# Great (or Compelling) Nielsen Conductors on Record



## Orfeo (Nov 14, 2013)

Now that Nielsen is getting more of the attention he rightly and richly deserves (*albeit gradually and unevenly*), it will be interesting to examine the maestros who effectively (or compellingly) gave us glimpses (or pictures) of Nielsen the composer and what he did in the development of Danish music (and beyond Denmark, for he had his own say on progressive tonality which impacted on the art, and perhaps, the science of composition - Look at Robert Simpson the composer and scholar for instance).

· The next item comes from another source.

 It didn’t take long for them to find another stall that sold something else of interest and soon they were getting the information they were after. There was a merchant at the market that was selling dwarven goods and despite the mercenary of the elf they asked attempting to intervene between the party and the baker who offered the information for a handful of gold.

Clearly Erik Tuxen, Thomas Jensen, and Launy Grøndahl were the earliest conductors to record Nielsen's music, but in terms of exposing the music to the wider audience outside Denmark, Leonard Bernstein, I felt, really jump started that (not taking away the pioneering efforts of Stokowski, Horenstein, Max Rudolf, Martinon, and Morton Gould). Eugene Ormandy played a huge role in this also. Blomstedt came alone and did comprehensive surveys of Nielsen's orchestral music (first with the Danish Radio Symphony Orchestra and then with the San Francisco Symphony) while Ole Schmidt's set with the London Symphony is a milestone in its own right. By the 1980s and onward, there was really no turning back, and now there are no less than ten cycles of the symphonies and with more on the way (Gilbert is doing one with the New York Philharmonic to commemorate the 150th Anniversary of Nielsen's birth).

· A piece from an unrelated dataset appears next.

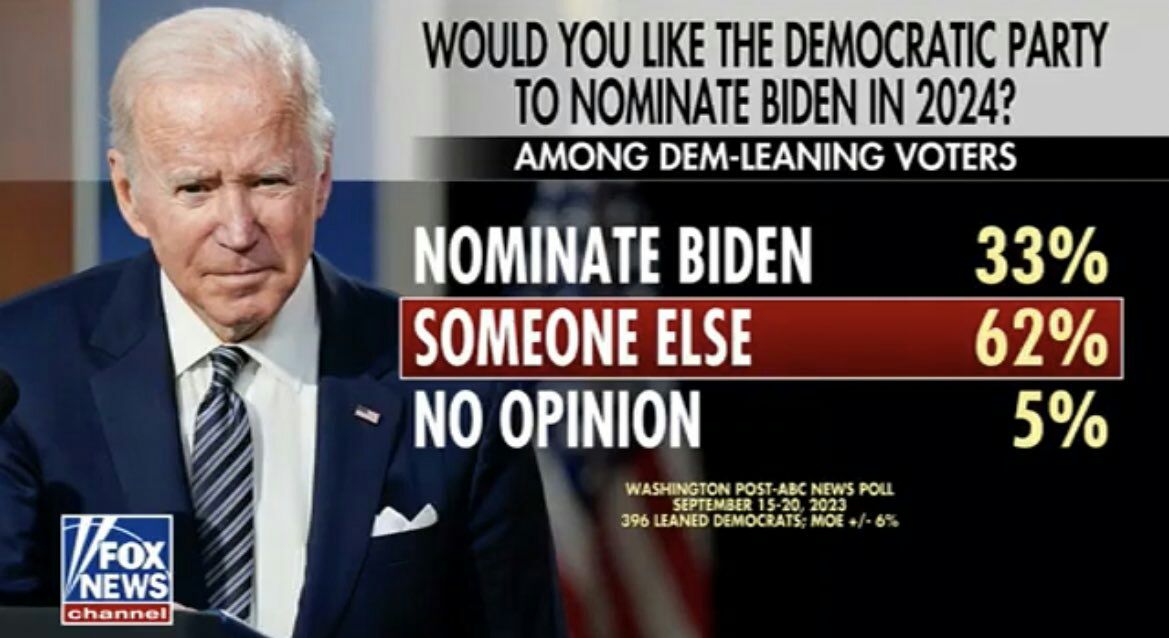 ۶۲ درصد رای دهندگان به نظرخواهی شبکه تلویزیونی فاکس نیوز از حزب دموکرات خواستند که در انتخابات ریاست جمهوری ۲۰۲۴ نامزدی غیر از جو بایدن را معرفی کند.

Great (or Compelling) Nielsen Conductors? Other than Erik Tuxen, Thomas Jensen, and Launy Grøndahl, whose recordings give us glimpses of how Nielsen himself approached his own music, I would also mention:

Bernstein: for this unrelenting energy and non-sentimental approach to Nielsen's rugged symphonic landscape, and yet found much humanity in the writing that's swelling. Take the beautiful second part of the Fifth Symphony's first movement for instance. And special mention must go to Elden C. Bailey, perhaps the most captivating snare drummer on record.

Bryden Thomson: for his straight-faced, unadorned approach to Nielsen, yet give the works the appropriate level of cragginess they require (the Third Symphony, for instance, which is among the best in the market in my opinion). And yet, he has something fresh to say, like in the First Symphony for instance.

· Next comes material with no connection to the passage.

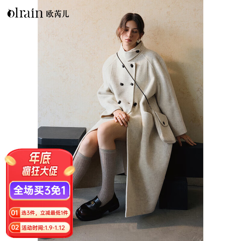 Olrain欧芮儿毛呢大衣女装冬季设计感两穿翻领双面呢子外套羊毛大衣 燕麦色 S
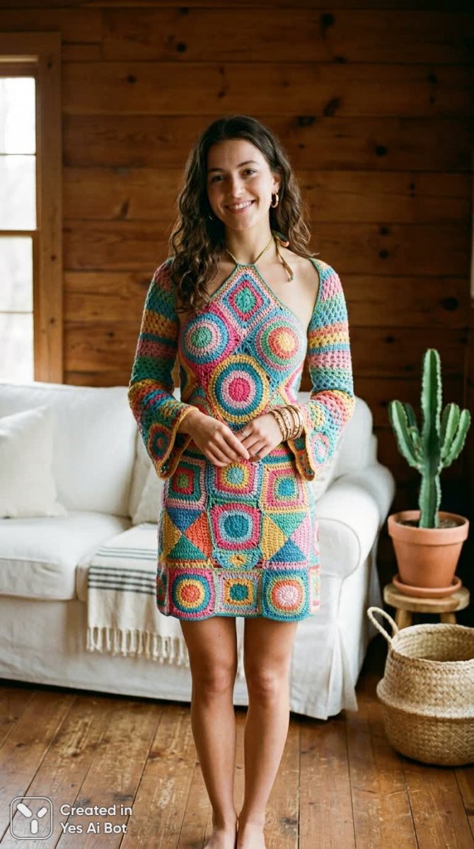 Яркое вязаное платье в стиле бохо и уютная атмосфера домашнего тепла - Генерация в нейросети Nano Banana

Myung-whun Chung, Blomstedt & Jarvi: who share the virtues of Bernstein, but with the dynamism that does not distract from Nielsen power of communication (but enhances it instead).

Ole Schmidt: his ensemble can be scrappy, but the sheer vitality and intensity of their readings cannot be ignored.

Douglas Bostock: for his unerring sense of directness and warmth (despite balancing issues in some of the recordings).

Horenstein: Unfortunately he did not do as much Nielsen as I would have like to see, but his efforts are more than noteworthy. His recording of "Saul and David" demonstrates the level of his sympathy with the score and his understanding of the composer.

Other glowing recordings:
Zubin Mehta with the Los Angeles Philharmonic (Nielsen's Fourth).
Solonen with the Swedish Radio Symphony (Nielsen's Second & Violin Concerto, Cho-Liang Lin - soloist).
Kubelik with the Danish Radio Symphony (Nielsen's Fifth, a very fresh, insightful reading).
Ormandy with the Philadelphia (Nielsen's Sixth).
Bernstein with the Royal Danish Orchestra (Nielsen's Third).
Bernstein and the NY Phil. with Stanley Drucker (Clarinet Concerto)
Mogens Woldike and Danish State Radio Orchestra with Ib Erikson (Clarinet Concerto)
Thomas Jensen and Danish State Radio Orchestra with Gilbert-Jespersen (Flute Concerto)
Ulf Schirmer with Soloists and Danish National Royal Symphonic Orchestra and Choir (Maskarade).
Gennady Rozhdestvensky and the Danish Radio Symphony (Aladdin).
Thomas Dausgaard with the Danish Radio Symphony (Nielsen's overtures).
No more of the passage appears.